Information shown Block Start
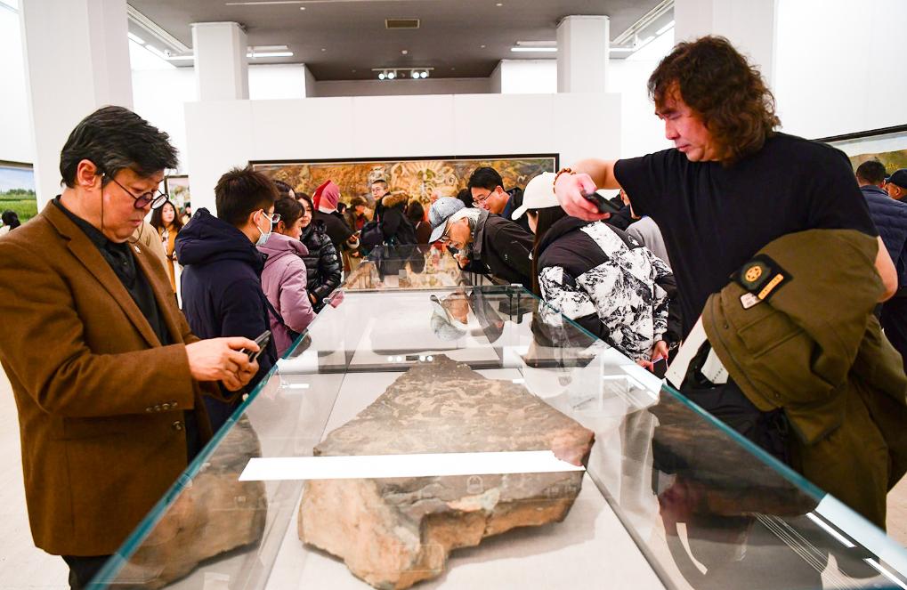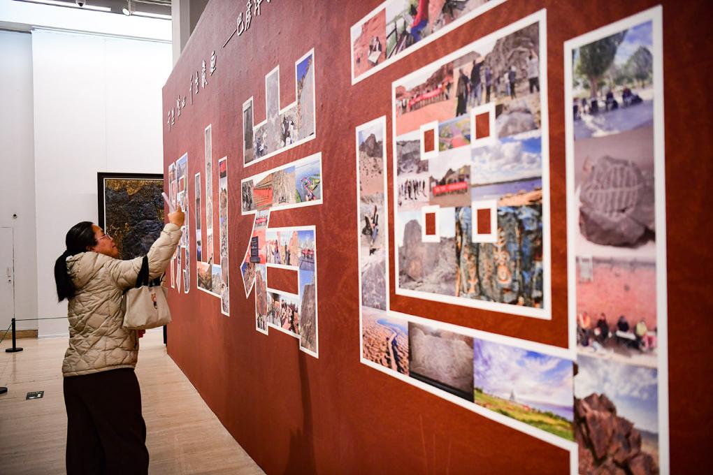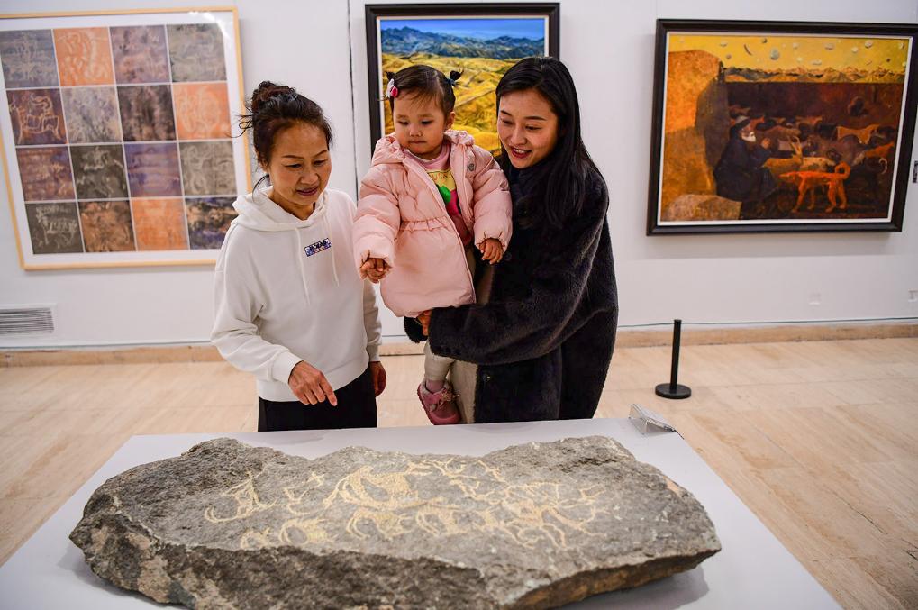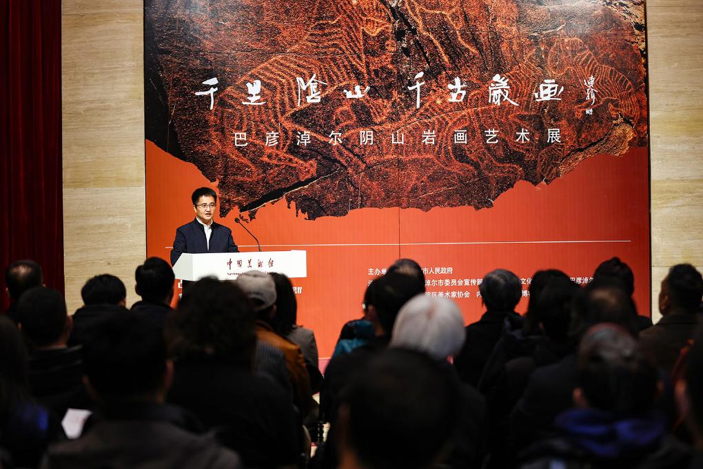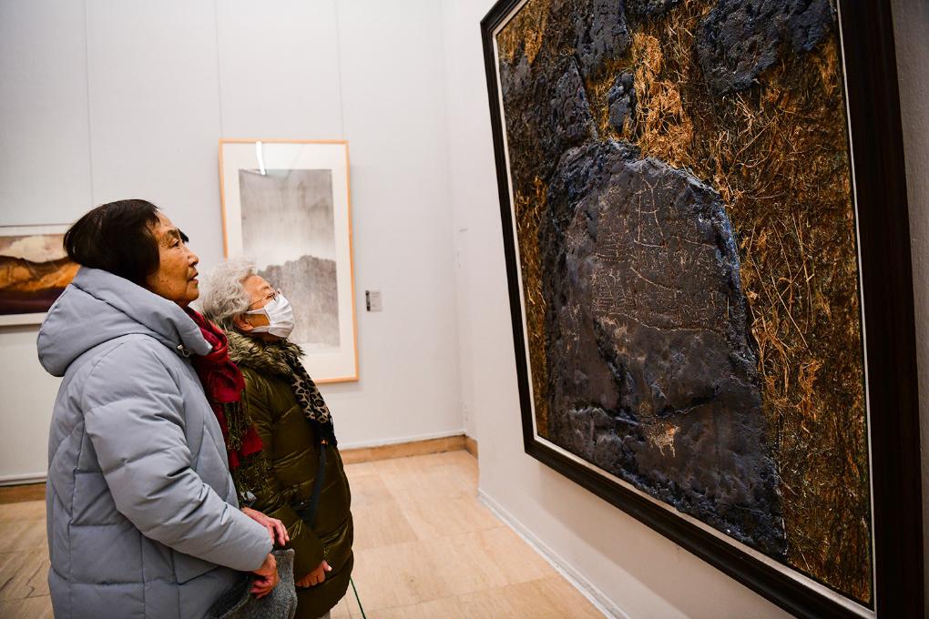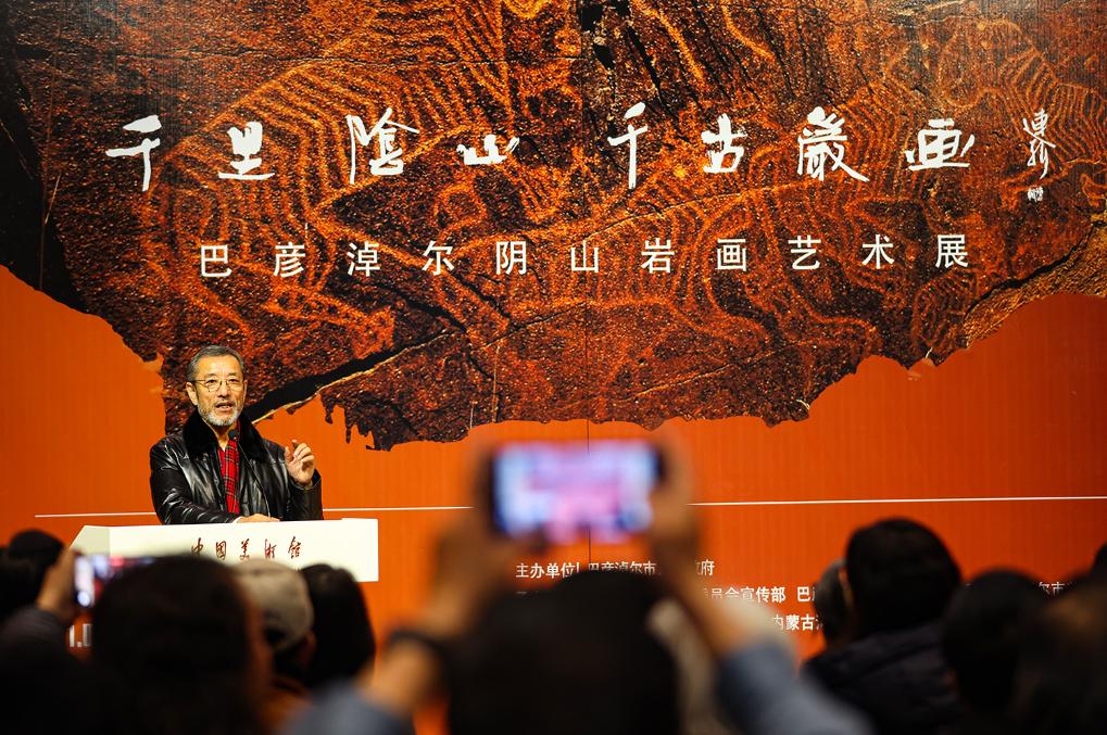 1月7日下午,“千里阴山·千古岩画”巴彦淖尔阴山岩画艺术展开幕式在北京中国美术馆举行。此次展出作品以内蒙古巴彦淖尔阴山岩画为创作主题,共征集到不同风格的油画、国画、水彩画、粉画、版画等艺术作品80余幅,另有拓片、阴山岩画原件和仿制品等20余件。
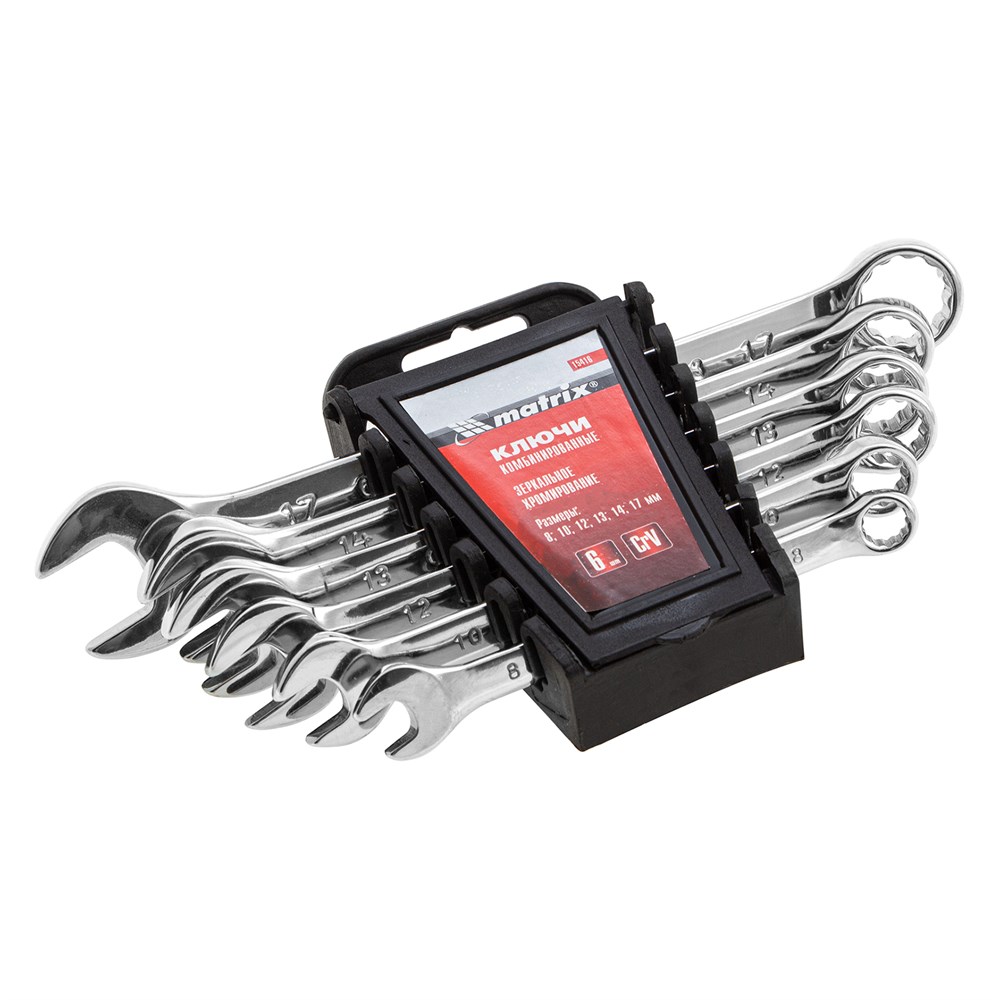 Набор ключей комбинированных, 8-17 мм, 6 шт, CrV, полированный хром Matrix
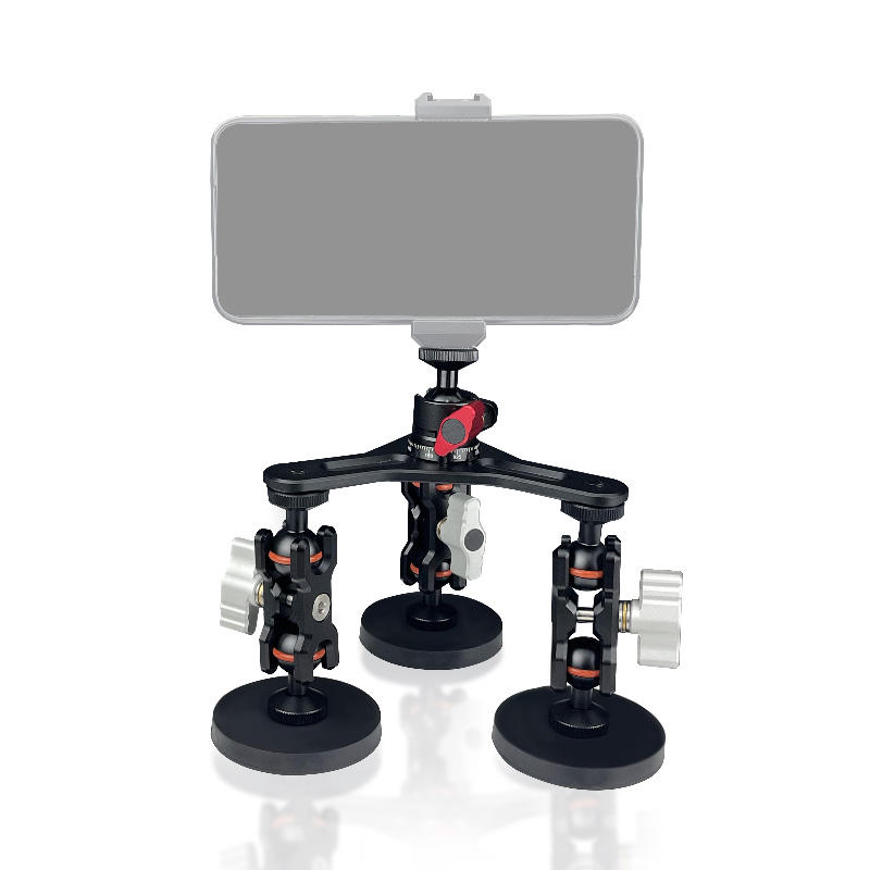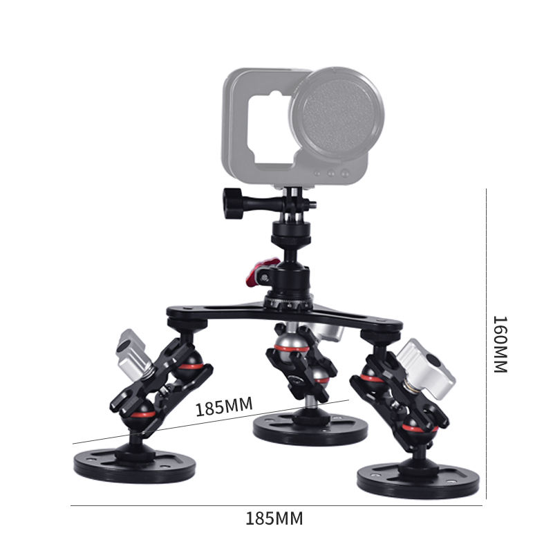 Support de caméra magnétique pour voiture en alliage d'aluminium YuanYu, tête sphérique, trois bras magiques, compatible avec les modèles Hero 6/7/8/9/10
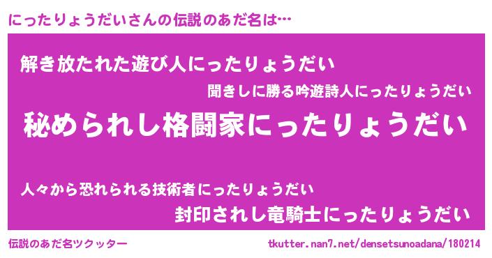 | 意味不明あだ名 | 『にったりょうだいフォーエバー』 |
Information shown Block End
■ **Work order**
The data above must be given again in full and unaltered, minus its images.

■ **Answer to this exercise**
 1月7日下午,“千里阴山·千古岩画”巴彦淖尔阴山岩画艺术展开幕式在北京中国美术馆举行。此次展出作品以内蒙古巴彦淖尔阴山岩画为创作主题,共征集到不同风格的油画、国画、水彩画、粉画、版画等艺术作品80余幅,另有拓片、阴山岩画原件和仿制品等20余件。
 Набор ключей комбинированных, 8-17 мм, 6 шт, CrV, полированный хром Matrix
 Support de caméra magnétique pour voiture en alliage d'aluminium YuanYu, tête sphérique, trois bras magiques, compatible avec les modèles Hero 6/7/8/9/10
 | 意味不明あだ名 | 『にったりょうだいフォーエバー』 |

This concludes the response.